***** AVAILABLE DATA *****
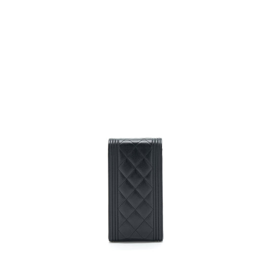 Chanel vertical boy flap phone case with chain caviar black with LGHW
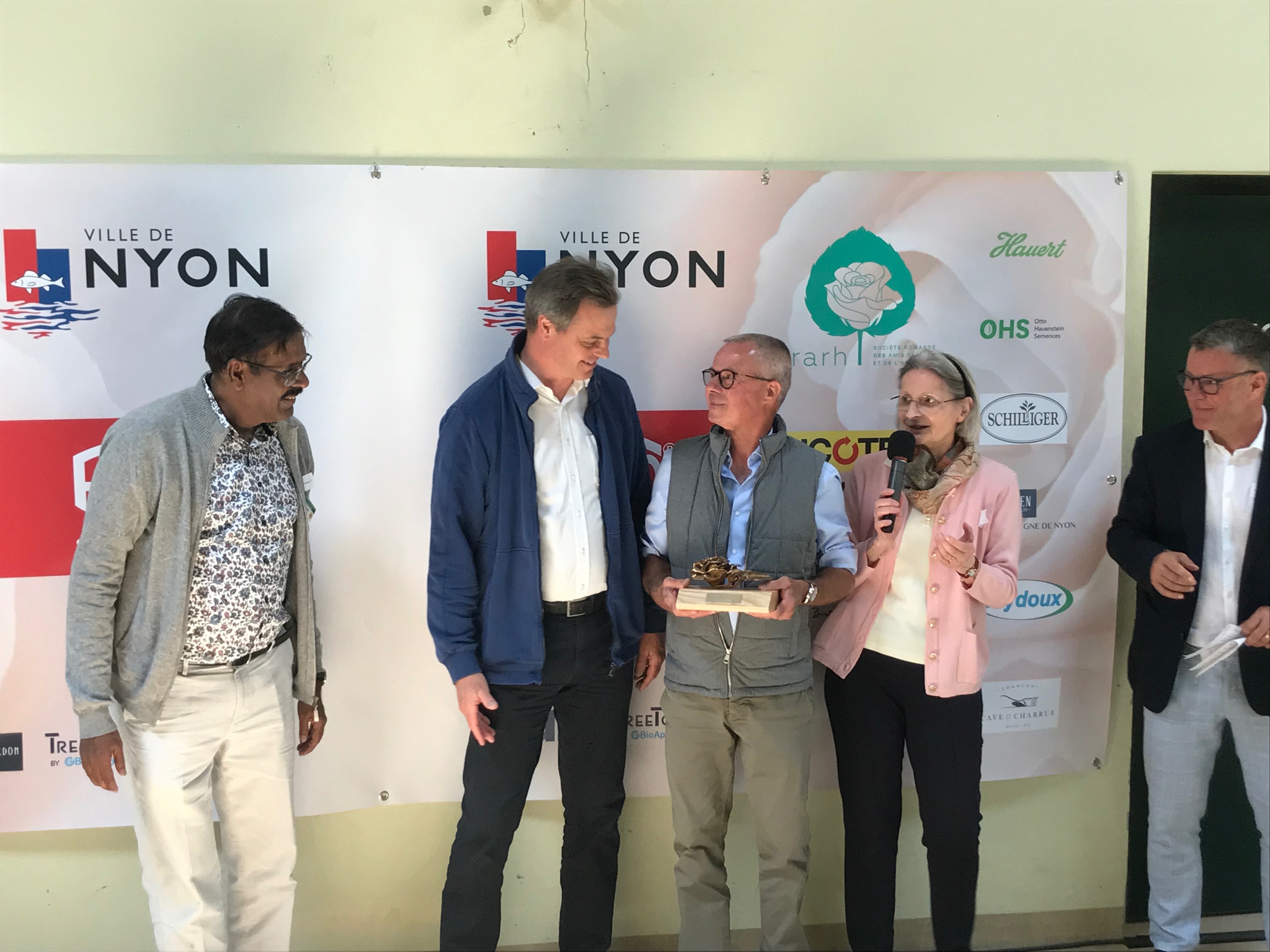 Ci-dessous, en ce 12 juin 2024, a été signée, la convention entre la Ville de Nyon, la SRARH et l’association Les Amis de la rose de Nyon (LARN) et le CIRNN afin de garantir son niveau d’excellence. De gauche à droite, Pierre-François Umiglia, Secrétaire municipal, Daniel Rossellat, Syndic, Jean-Luc Pasquier, Président du CIRNN, Liliane Castioni, Vice-présidente de la SRARH et Regula Zellweger, Vice-présidente du LARN.
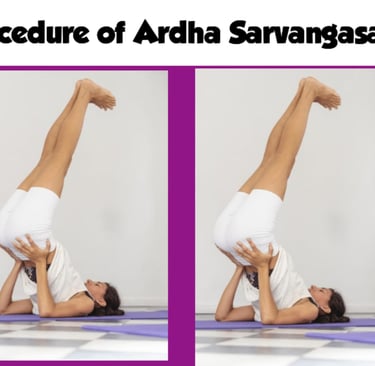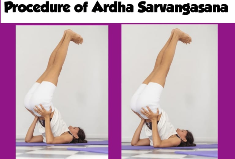 Method of Ardha Sarbangasana Ardha Sarvangasana (Half Bear Stand) is a principal yoga posture that includes adjusting on the shoulders with the legs raised. It is a preliminary posture for the full bear stand (Sarvangasana) and is incredible for tenderfoots to hone some time recently progressing to more seriously reversals. The pose can progress circulation, fortify the upper body, and calm the intellect. Underneath is a point by point direct on how to perform Ardha Sarvangasana securely and effectively. Preparation 1. Discover a Calm Space: Select a calm and comfortable space where you can lie down on a yoga tangle or any delicate surface. 2. Wear Comfortable Clothing: Guarantee you wear clothing that does not limit development, as this will offer assistance you move openly amid the practice. 3. Warm-Up: Some time recently beginning Ardha Sarvangasana, it’s critical to warm up the body. Perform a few delicate extends and postures like Cat-Cow extends, Forward Overlap, or Descending Canine to discharge pressure and get ready the muscles for the pose. Steps to Perform Ardha Sarvangasana 1. Lie Down on Your Back: Start by lying level on your back on the tangle with your legs amplified straight and arms resting at your sides, palms confronting down. Make beyond any doubt your body is loose and adjusted, with your neck and spine in an unbiased position. 2. Lock in the Center: Delicately lock in your center muscles by pulling your navel toward your spine. This actuation will offer assistance stabilize your middle and keep up control amid the posture. 3. Lift the Legs: Breathe in profoundly and gradually raise both legs towards the ceiling. Keep them straight and together as you lift them, guaranteeing that the development is moderate and controlled. Your legs ought to be opposite to the floor. 4. Back the Lower Back: As your legs are raised, put your hands on your lower back for back. Your elbows ought to stay on the floor, and your upper arms ought to press down solidly to keep up steadiness. The fingers ought to back your back, making a difference to keep the spine straight and avoiding any strain. 5. Lift the Pelvis: On a breath in, delicately lift your pelvis off the floor by pushing with your legs and locks in your center. The weight of your body ought to be resting on your shoulders, with your neck and head remaining gently on the floor. The upper back ought to be immovably on the ground, and the chest ought to be moving towards the chin. 6. Fix the Spine: Once your pelvis is lifted, make beyond any doubt the spine is adjusted, and the legs are straight. The middle and legs ought to shape a straight line from your shoulders to your feet. You may feel a slight prolongation of the spine as you adjust in this position. 7. Hold the Position: Keep the body dynamic by locks in the legs and center muscles. Keep up this position for 20 to 30 seconds, breathing profoundly and consistently. Keep your look centered on the ceiling or near your eyes for more profound concentration. Guarantee that there is no strain on the neck, and that the weight is equitably conveyed on the shoulders. 8. Discharge the Posture: To exit the posture, gradually lower your legs back down to the floor whereas keeping control of the development. Delicately roll your spine back onto the tangle and bring your legs to the floor. Rest for a moment with your legs extended and arms at your sides. 9. Rest and Recover: After performing Ardha Sarvangasana, it's critical to deliver your body time to unwind and recoup. You can rest in Savasana (Carcass Posture) for a few minutes to offer assistance the body return to its common state. Tips for Secure Practice Neck and Spine Arrangement: All through the posture, make beyond any doubt that your neck is in an impartial position, and your spine is straight. Dodge any compression or strain on the neck by guaranteeing that the weight is on the shoulders, not the neck. Do Not Overexert: If you are unused to the posture or have constrained adaptability or quality, begin with shorter holds and slowly construct up your stamina over time. Breathing: Keep up moderate, profound breaths whereas in the posture. Breathe profoundly into the paunch to offer assistance back your center and keep your body relaxed. Modifications: If you discover it troublesome to lift the legs or hold the posture, you can hone the posture with a prop like a square or support put beneath the hips for additional bolster. Then again, you can keep your legs somewhat bowed if fixing them completely feels as well challenging. Avoid if You Have Certain Conditions: If you have neck, back, or bear wounds, it is prescribed to maintain a strategic distance from this posture or hone it beneath the direction of a qualified educator. Moreover, if you have tall blood weight, heart conditions, or eye issues (like glaucoma), counsel a healthcare supplier some time recently endeavoring this pose. Conclusion Ardha Sarvangasana is an available and compelling yoga posture that offers an extent of physical and mental benefits. By taking after the steps over and practicing frequently, you can fortify your body, make strides pose, and accomplish more noteworthy mental clarity and calmness. Continuously be careful of your body’s limits and perform the posture with legitimate arrangement to dodge harm. With time and consistency, you can securely coordinate Ardha Sarvangasana into your yoga hone for made strides wellbeing and well-being.
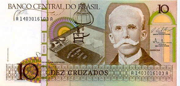 Jag har också en sedel från Brasilien som visade sig vara skapad av Czesław Słania och i vanlig ordning tog jag reda på vem Ruy Barbosa de Oliveira (1849 – 1923) kunde vara. Det visade sig att han varit en liberalt sinnad författare, politiker och reformator. Barbosa hade varit inflytelserik då det gällt att avskaffa det brasilianska slaveriet, något som inte skedde förrän 1888. Då den så kallade Gyllene lagen trätt i kraft såg han till att all dokumentation kring slaveriet och dess brasilianska historia effektivt förstördes under pretexten att Barbosa ville utplåna denna skamfläck ur Brasiliens historia. I själva verket tycks det som om han ville skydda tidigare, brutala slavägare från följderna av deras beteende.
*****
> PROMPT:
Only the lines from the first line of the listing above through the line with "Ci-dessous, en ce" should be set down, exactly and without pictures.

> RESPONSE TO THE EXERCISE:
 Chanel vertical boy flap phone case with chain caviar black with LGHW
 Ci-dessous, en ce 12 juin 2024, a été signée, la convention entre la Ville de Nyon, la SRARH et l’association Les Amis de la rose de Nyon (LARN) et le CIRNN afin de garantir son niveau d’excellence. De gauche à droite, Pierre-François Umiglia, Secrétaire municipal, Daniel Rossellat, Syndic, Jean-Luc Pasquier, Président du CIRNN, Liliane Castioni, Vice-présidente de la SRARH et Regula Zellweger, Vice-présidente du LARN.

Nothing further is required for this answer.